Here are the safety limits set by Japan's Food Safety Commission and reported by Bloomberg:
- Iodine-131: 300 Bq/kg for drinking water, milk and dairy products. 2,000 Bq/kg for vegetables except for root vegetables and tubers.
- Radioactive cesium: 200 Bq/kg for drinking water, milk and dairy products. 500 Bq/kg for vegetables, grains, meat, eggs and fish.
- Uranium: 20 Bq/kg for infant foods, drinking water, milk and dairy products, 100 Bq/kg for vegetables, grains, meat, eggs and fish.
- Alpha-emitting nuclides of plutonium and transuranic elements: 1 Bq/kg for infant foods, drinking water, milk and dairy products. 10 Bq/kg for vegetables, grains, meat, eggs and fish.
Materials exceeding 100 Bq/kg should not be used as the basis for powdered infant milk formula.
Close to the Fukushima plant, the radiation levels are alarming: The IAEA said samples of seawater collected 330 meters east of the nuclear complex's discharge point showed iodine-131 concentrations of 74,000 becquerels per liter, roughly equivalent to Bq/kg. The cesium levels were 12,000 Bq/kg for cesium-137 and another 12,000 Bq/kg for cesium-134. But those levels drop sharply with distance, due to the dispersion factor.
Radioactive iodine-131 is a huge concern for people living around the Fukushima plant, because that can be quickly taken up into the thyroid and pose a significant cancer risk. What's more, iodine is taken up readily by seaweed, which is a popular food item in Japan. Elevated (but still safe) levels of radioactive iodine have been detected in seaweed as far away as Vancouver, and in milk samples from Spokane, Wash. (The reading for the milk was 0.8 picocuries per liter, or roughly 0.03 Bq/kg.)
The flip side is that iodine-131 has a relatively short half-life of eight days, so as time passes, the iodine risk should drop significantly for fish as well as for people.

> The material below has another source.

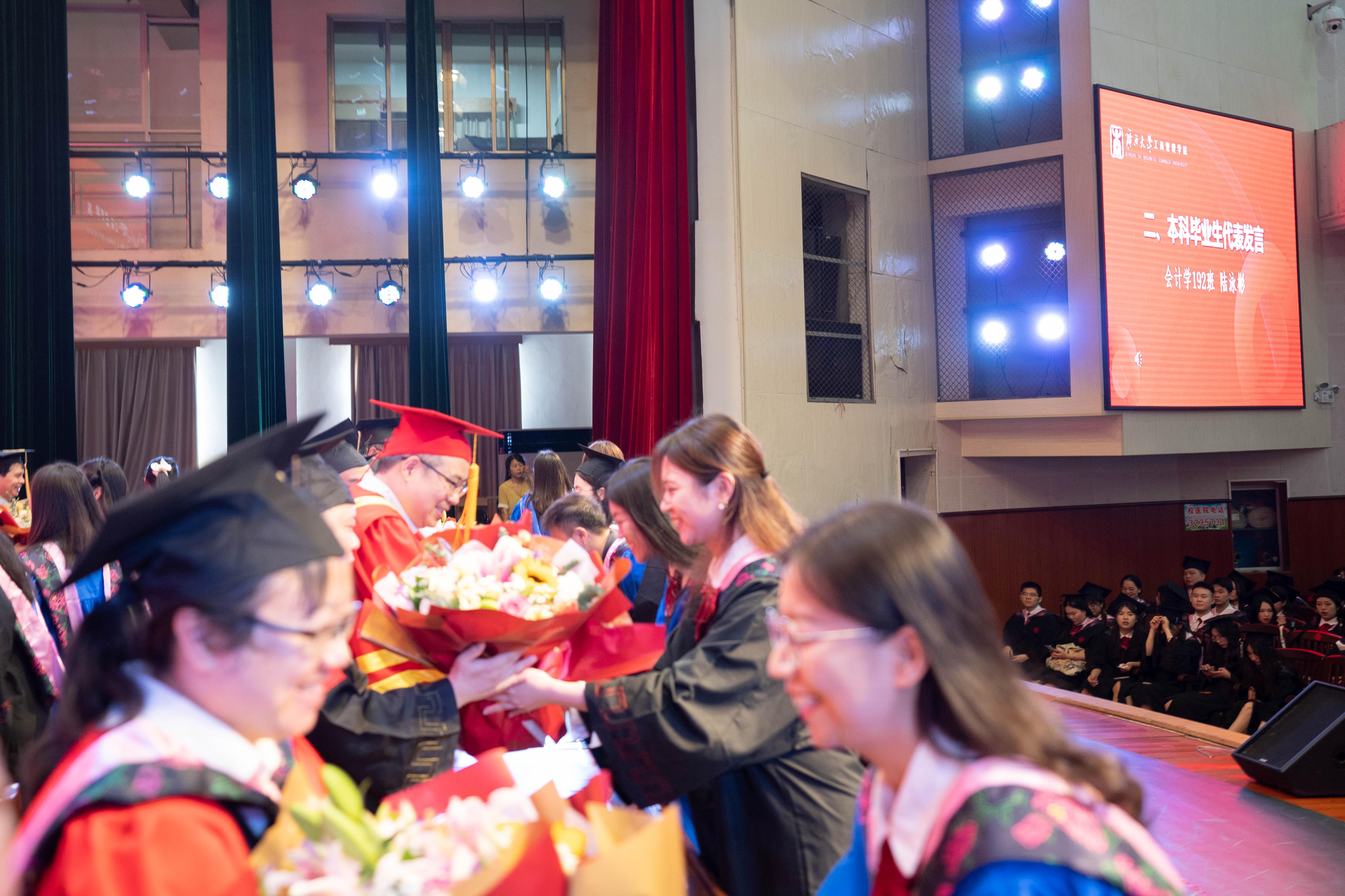 本科毕业生代表、会计学192班陆泳彬在发言中向四年如一日关心和教导他们的领导和老师表示最崇高的敬意。已顺利通过定向选调生选拔的他表示,将用“不畏浮云遮望眼”的勇气,用“不知细叶谁裁出”的方式,用“不要人夸颜色好”的态度奉献基层,努力践行一名西大学子、商管学子的责任与担当。

Cesium-137 has a longer half-life (30 years), so it poses a longer-lived threat. The fish tests suggest that the cesium radiation levels are just one-tenth of the iodine levels, Maidment said.
Stay focused on the fish
Authorities will have to be extra-vigilant about watching radiation levels from Fukushima for a long time — on the ground, in the air and at sea, said Edwin Lyman, a senior staff scientist at the Union of Concerned Scientists, an activist group.

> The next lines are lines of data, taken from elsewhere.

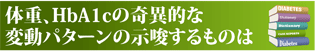 は、HbA1cと体重が線対称、すなわちHbA1cが上昇すると体重が減少、HbA1cが低下すると体重が増加する奇異的なパターンです。この症例は、強化インスリン療法を行っており、60単位/日を使用していました。血糖コントロールの改善局面では、指示通りインスリン注射を行い、食事療法が守れないため体重が急激に10kg増加しています。HbA1cが6%以上悪化した局面では、インスリン注射量の著明な不足が想定され、血糖コントロール不良による10kgの体重減少がみられます。このような患者の多くは治療への遵守が悪く、医師とのコミュニケーション不足から自分の症状や不満、治療への意見を伝えられないことが認められます。その背景には治療や社会環境に対するストレスや治療改善の際に起こった低血糖に対する恐怖による血糖上昇などが考えられます。いずれにしても10kgの体重やHbA1c6%の増減は、治療が円滑にいっていないことの反映で、入院加療なども含めた、従来とは異なったストラテジーが必要だと考えます。
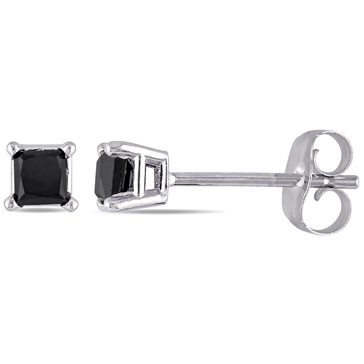 1ct TW Princess Cut Black Diamond Stud Earrings in 10k White Gold
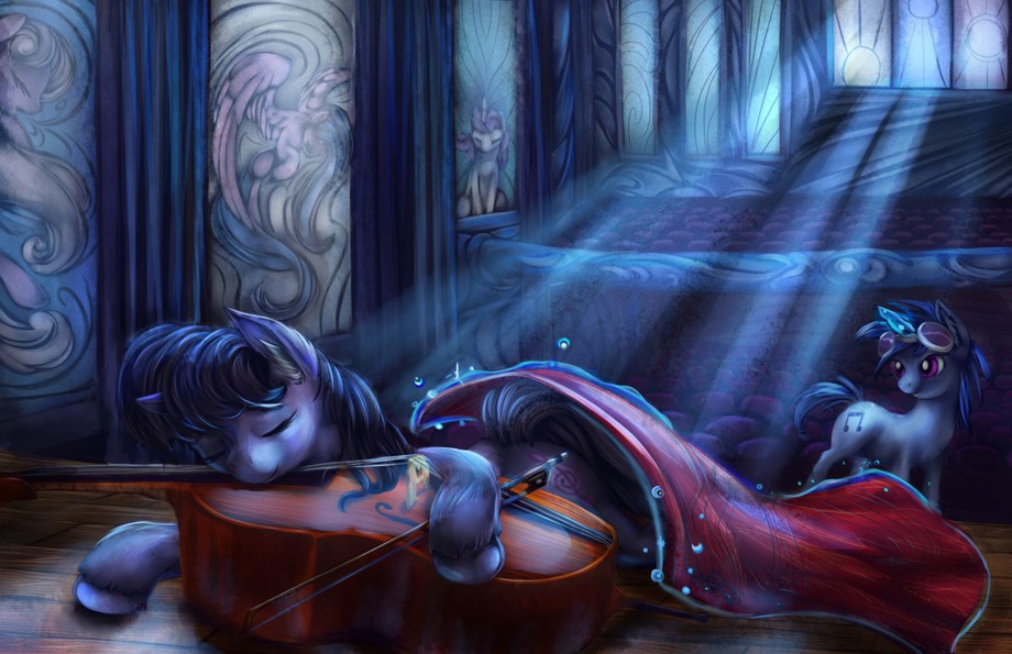 After an extensive night of practice, poor Octavia has fallen asleep at the helm. Fortunately her roommate Vinyl has come to check up on her and brings a blanket for her comfort.
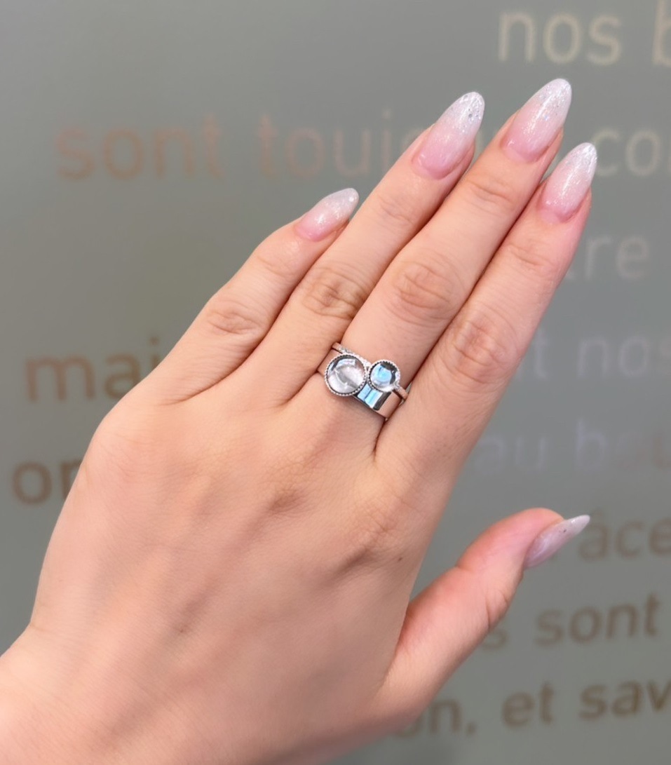 シルバー925コーティングの艶やかなシルバーに、美しいフランス伝統工芸のガラス(フランス語でヴェール)を組み合わせたセシル・エ・ジャンヌらしいリング。
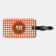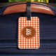 Monogram Orange und White Gingham Muster Gepäckanhänger
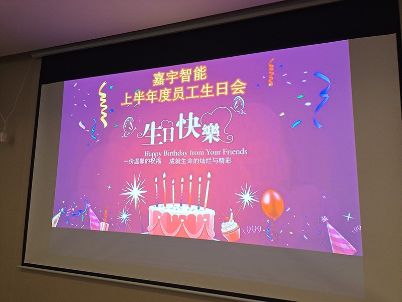 “用意想不到的甜蜜編織幸福的花籃送你,像花兒一樣綻開(kāi)在你生日聚會(huì)里,于是甜蜜遍布你房間的每個(gè)角落里,愿你擁有最美好的祝福”。嘉宇智能祝各位同事生日快樂(lè)!
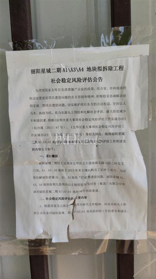 谈及15栋烂尾楼即将爆破的消息,附近居民还是略有担心,“主要是怕爆破时声音及灰尘太大、飞石砸到自家玻璃,影响现有房屋地基。”但也有附近商户认为,政府既然有决心实行爆破,应该是有充足的准备方案,影响估计不大。极目新闻记者发现,附近一小区围栏上贴有“丽阳星城二期A1\A3\A4地块拟拆除工程社会稳定风险评估公告”,向群众征求意见,该公告系昆明市五华区人民政府黑林铺街道办事处发布,落款日期为2021年4月16日。
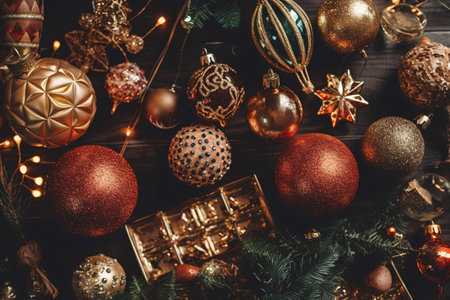 Christmas decoration on dark wooden background. Top view, flat lay.
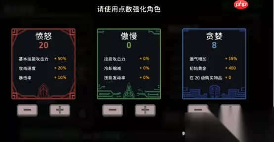 属性加点:主点愤怒,辅修贪婪 主加点 — 愤怒:这是机枪流的核心驱动力!选择“愤怒”路线可直接获得攻击力+50%、攻速+20%、暴击率+10%的强力加成。这三项属性高度契合机枪流对高频率、高爆发输出的需求,显著提升战场统治力。 副加点 — 贪婪:推荐作为次要加点方向,提供16%的运气加成和400金币的初始资金。更高的运气意味着更好的装备掉落与圣器获取概率,而起始金币则有助于早期快速成型,抢占发育先机。
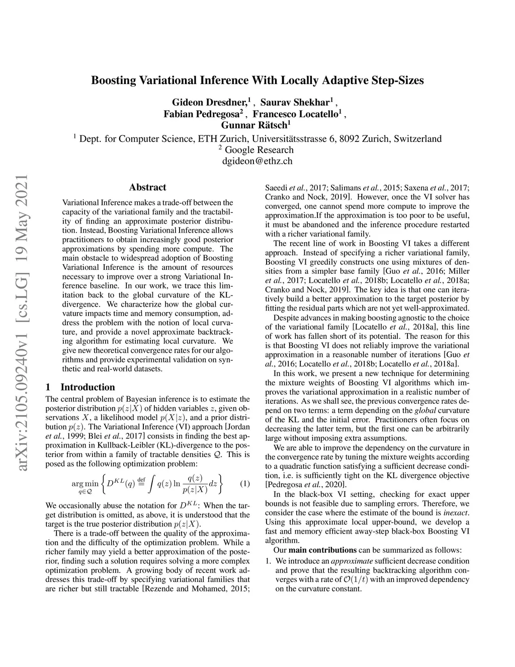 Variational Inference makes a trade-off between the capacity of the variational family and the tractability of finding an approximate posterior distribution. Instead, Boosting Variational Inference allows practitioners to obtain increasingly good posterior approximations by spending more compute. The main obstacle to widespread adoption of Boosting Variational Inference is the amount of resources necessary to improve over a strong Variational Inference baseline. In our work, we trace this limitation back to the global curvature of the KL-divergence. We characterize how the global curvature impacts time and memory consumption, address the problem with the notion of local curvature, and provide a novel approximate backtracking algorithm for estimating local curvature. We give new theoretical convergence rates for our algorithms and provide experimental validation on synthetic and real-world datasets.
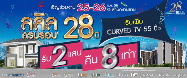 ลลิล พร็อพเพอร์ตี้ ฉลองครบรอบ 28 ปี แคมเปญครั้งยิ่งใหญ่ตอบแทนลูกค้า 25-26 ก.ค.นี้ ณ สำนักงานขาย

"Even dilute levels of contamination can be enhanced in certain marine life, you know, just like mercury concentrates in large fish, like tuna," he told reporters during a briefing on Monday. "Also, plants like seaweed are known to concentrate certain isotopes, and so are certain types of shellfish. But I would think certainly in the fishing industry in the region, they're most likely going to have to take measures to inspect their catches, and I guess the primary responsibility for that will have to be with the Japanese to inspect and interdict any contaminated seafood."

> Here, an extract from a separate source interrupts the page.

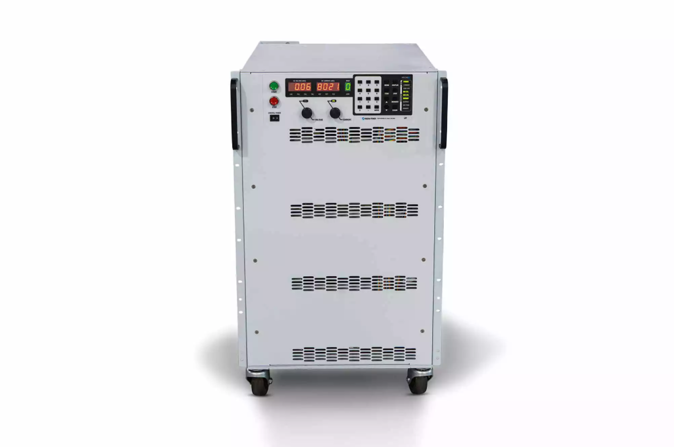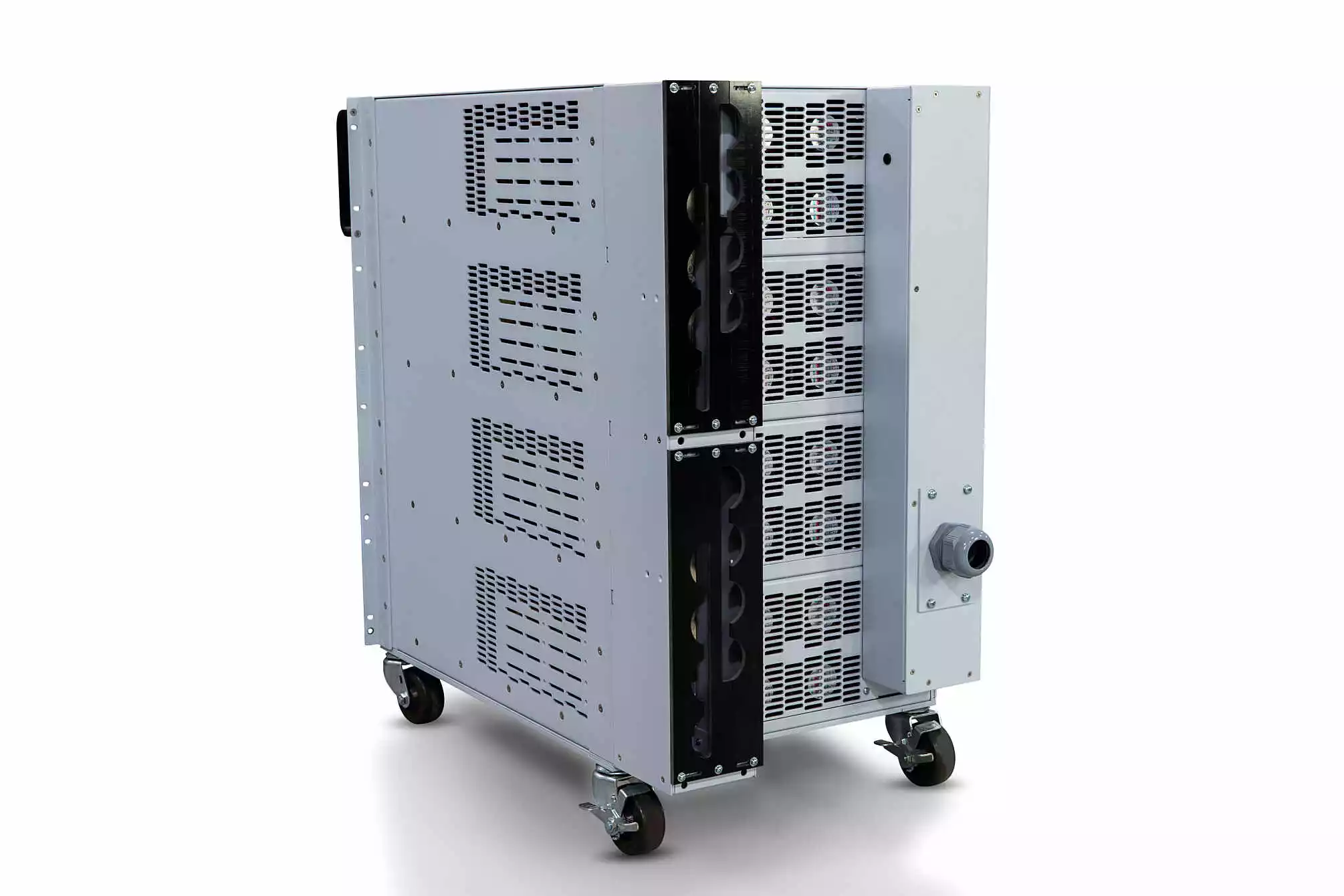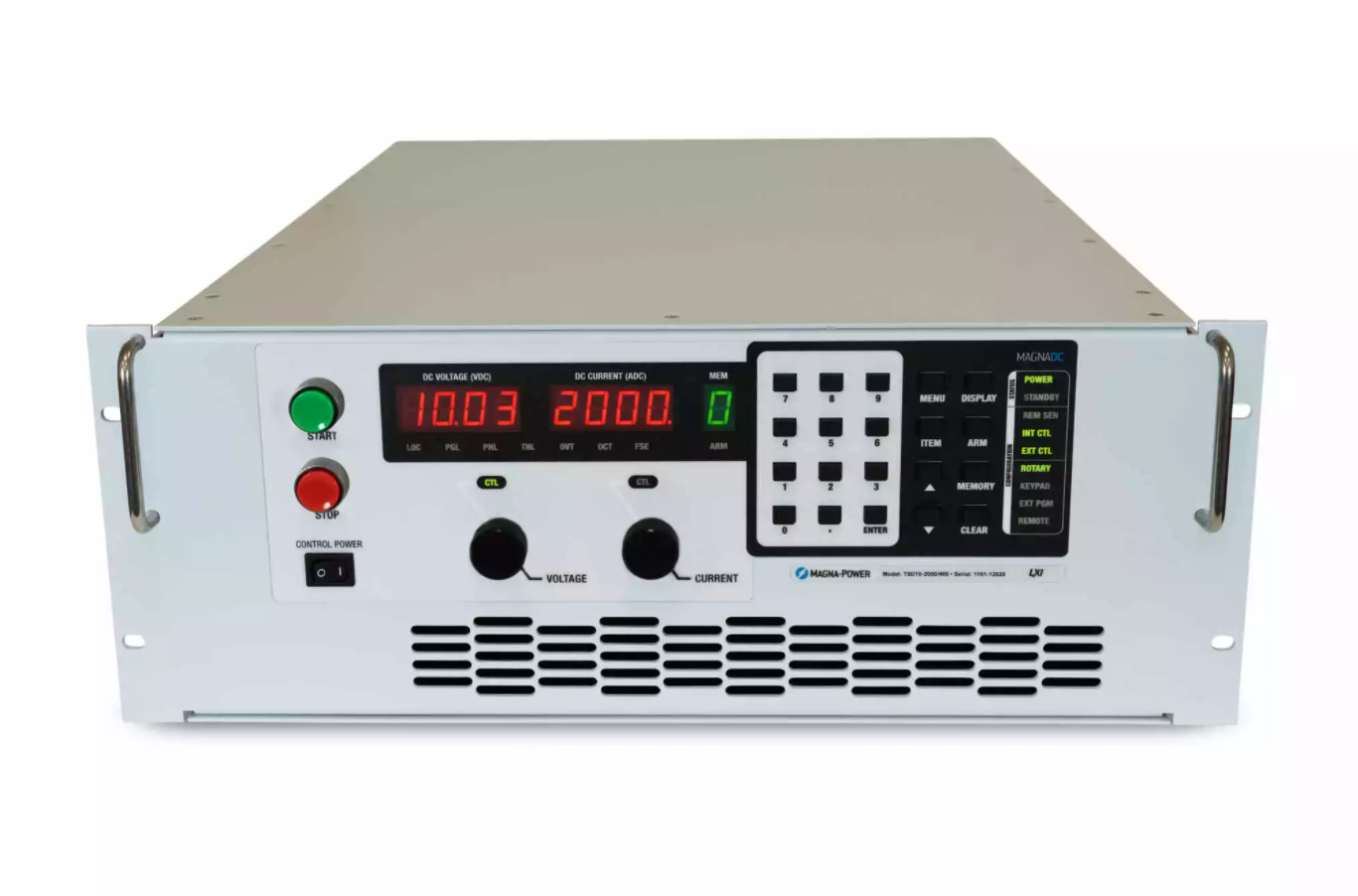 The TS Series offers many models spanning a wide voltage and current range, while still maintaining among the highest power density rack-mount packaging. The TS Series covers voltages from 5 Vdc up to 6000 Vdc (floating) and current levels from 1.2 Adc up to 8000 Adc. Models 5 kW to 15 kW are available in a 3U chassis, models 20 kW and 25 kW are available in a 4U chassis, models 30 kW are available in a 6U chassis, models 40 kW and 50 kW are available in an 8U chassis with removable casters, models 75 kW models are available in a 12U chassis with removable casters, and 100 kW models are available in a 16U chassis with removable casters. In addition, there are several special low voltage high current models, enabling a more cost-effective solution for these requirements. All TS Series power supplies come standard with isolated 37-pin external I/O, RS232, Remote Interface Software, IVI drivers, and LabVIEW drivers for integration into a variety of programming environment.

Maidment agrees that more monitoring will be needed. He also suspects that shellfish living on the seabed around Fukushima might face more contamination than the fish that just happen to migrate through the seas near the stricken plant. But he says "it's too early to draw conclusions," and he emphasizes that the general public needs to put the radiation issue in perspective.
For example, suppose that your drinking water contained 100 becquerels per liter, which is basically 100 Bq/kg. "If that water constituted 10 percent of your dietary intake of food, by weight, and you consumed that exclusively per year, you would increase your background radiation by about 20 percent," Maidment said. "I can double my background radiation just by moving from Philadelphia to Denver. So these are levels of radiation that most of us are not aware of."
I'm betting that you're more aware of the radiation issue than you were 20 days ago, and that you have some thoughts you'd like to share. Feel free to weigh in with your comments below.
Update for 12:55 a.m. ET March 31: One of my Facebook friends, Lynda Williams (the Physics Chanteuse), points out that I have not actually defined what a becquerel is. One becquerel is a unit of radioactivity that's equal to one nuclear decay per second. Here's the way she put it: "It is one atom of a radioactive isotope decaying and emitting radioactive decay. So 5,000 Bq/kg means that 10,000 atoms are decaying per second and shooting off a particle per second in one kilogram. So if the pig has a mass of 100 kilograms, we are talking about a whole body exposure of — do the math, 500,000 particles shooting through its body every second. The 'data' means more if you explain what it really means." Thanks, Lynda!
More angles on radiation:
- Seattle physicists detect radioactivity, fear it'll wreck experiment
- Japanese evacuees' new woe: Radiation prejudice
- World Blog: Tokyo fishmonger fears more radiation leaks
- Cosmic Log recap on the disaster in Japan
- Msnbc.com's special report on the disaster
Join the Cosmic Log community by clicking the "like" button on our Facebook page or by following msnbc.com science editor Alan Boyle as b0yle on Twitter. To learn more about my book on Pluto and the search for planets, check out the website for "The Case for Pluto."


Trusting a government agency to tell you what the safe limits are is about as reassuring as trusting them to provide accurate readings to start with. How many times has the government discovered that what they thought were safe levels of a contaminant turned out not to be so safe. It is impossible to avoid all radiation, since background radiation is all around us. However, staying away from foods that are known to contain higher than normal levels seems to be a prudent thing to do.
I don't trust the private sector in this country to tell us of their manipulation of the truth. They cry--"too much regulation!" We have the same aged nuclear reactors in this country. They are unsafe and a ticking time bomb.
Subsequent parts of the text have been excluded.